For Immediate Release
For more information, contact:
James J. Burke
Standard Motor Products, Inc.
(718) 392-0200
Jennifer Tio
Maximum Marketing Services, Inc.
(312) 226-4111 x2449
Jennifer.tio@maxmarketing.com
Standard Motor Products, Inc. Announces
Common Stock Offering
New York, NY, October 27, 2009......Standard Motor Products, Inc. (NYSE: SMP), an automotive replacement parts manufacturer and distributor, announced today that it plans to offer 4,000,000 shares of its common stock in an underwritten registered public offering. In connection with this offering, the Company also intends to grant the underwriters a 30-day option to purchase up to 600,000 additional shares. Goldman, Sachs & Co. is serving as the sole book-runner, with BB&T Capital Markets as a co-manager for the offering.

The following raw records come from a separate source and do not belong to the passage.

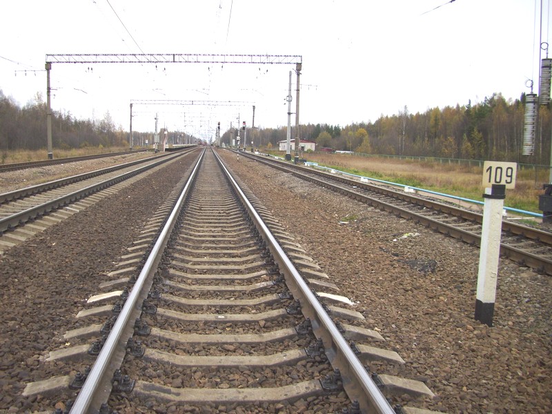 Выхожу у путепровода через Петербурго-Московскую железную дорогу в Чудовском районе Новгородской области. Двигаюсь по путям к ближайшей станции Торфяное.
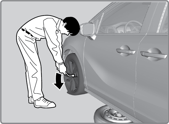 Loosen each wheel nut about one turn using the wheel nut wrench.
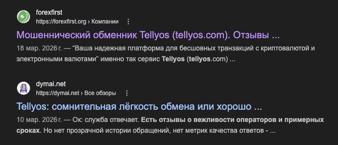 - по адресу tellyos com сайт эксчейнджера появился только в феврале или марте 2026-го года;
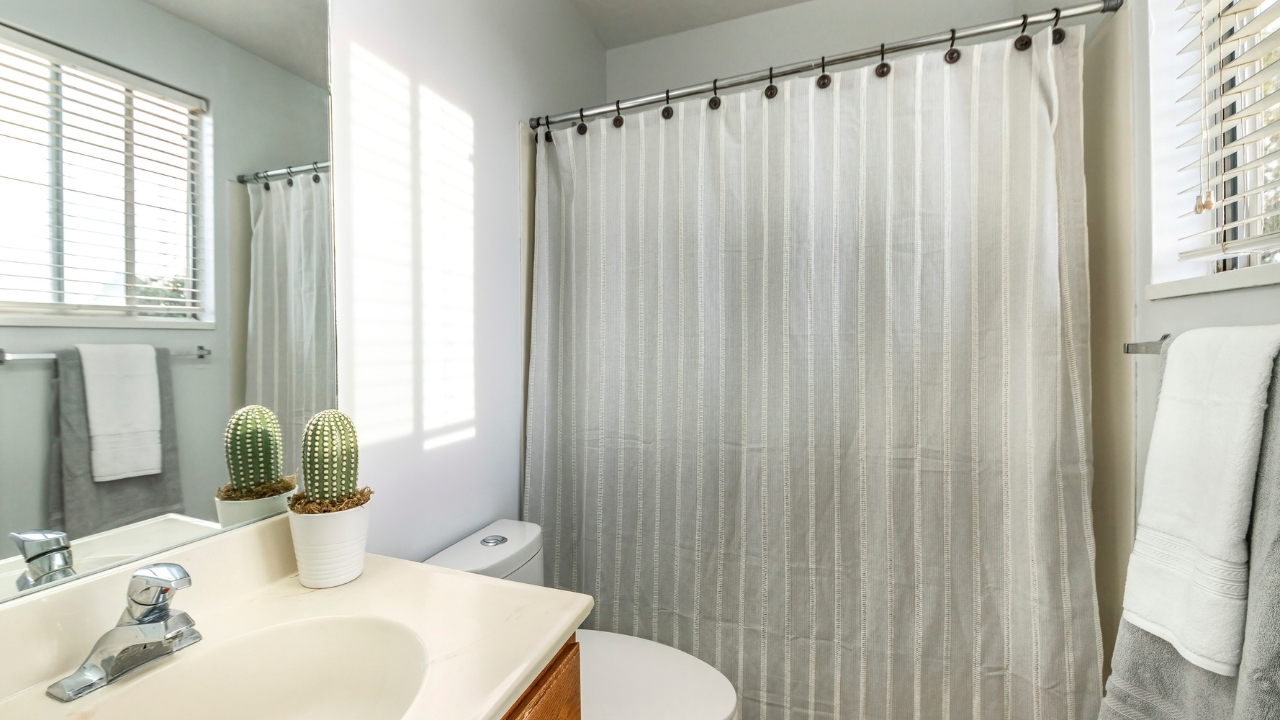 Pairing it with a curved shower rod creates more space inside the shower, which guests will notice when they use it. Look for affordable options at Walmart or IKEA that add height and dimension to the room.
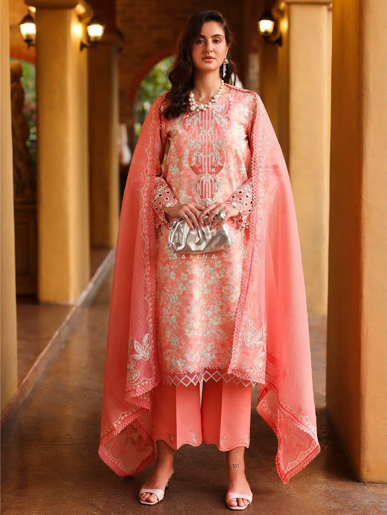 - Womens Unstitched 3Piece Premium Lawn Suit for Spring Summer
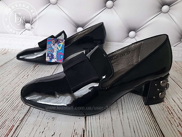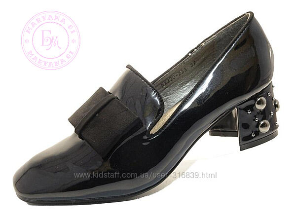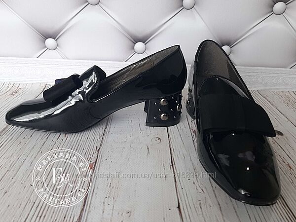 Подробное описание: Жіночі лаковані туфлі на підборах із декором / чорні

The Company intends to use the net proceeds from the offering to repay a portion of its outstanding indebtedness under its revolving credit facility. The Company then intends to borrow funds from time to time under its revolving credit facility for general corporate purposes.
37-18 Northern Blvd., Long Island City, NY 11101
(718) 392-0200
The shares will be issued pursuant to an effective shelf registration statement that was previously filed with the Securities and Exchange Commission. A preliminary prospectus supplement related to the offering will be filed with the Securities and Exchange Commission and will be available on the SEC’s website, http://www.sec.gov. Before you invest, you should read the preliminary prospectus supplement and the accompanying base prospectus for more complete information about the Company and the offering. Copies of the prospectus supplement and accompanying base prospectus related to this offering may be obtained from Goldman, Sachs & Co. via telephone: (866) 471-2526; facsimile: (212) 902-9316; email: prospectus-ny@ny.email.gs.com; or standard mail at Goldman, Sachs & Co., Prospectus Department, 85 Broad Street, New York, NY 10004.
This release shall not constitute an offer to sell or the solicitation of an offer to buy, nor shall there be any sale of these securities in any state or jurisdiction in which such offer, solicitation or sale would be unlawful prior to registration or qualification under the securities laws of any such state or other jurisdiction.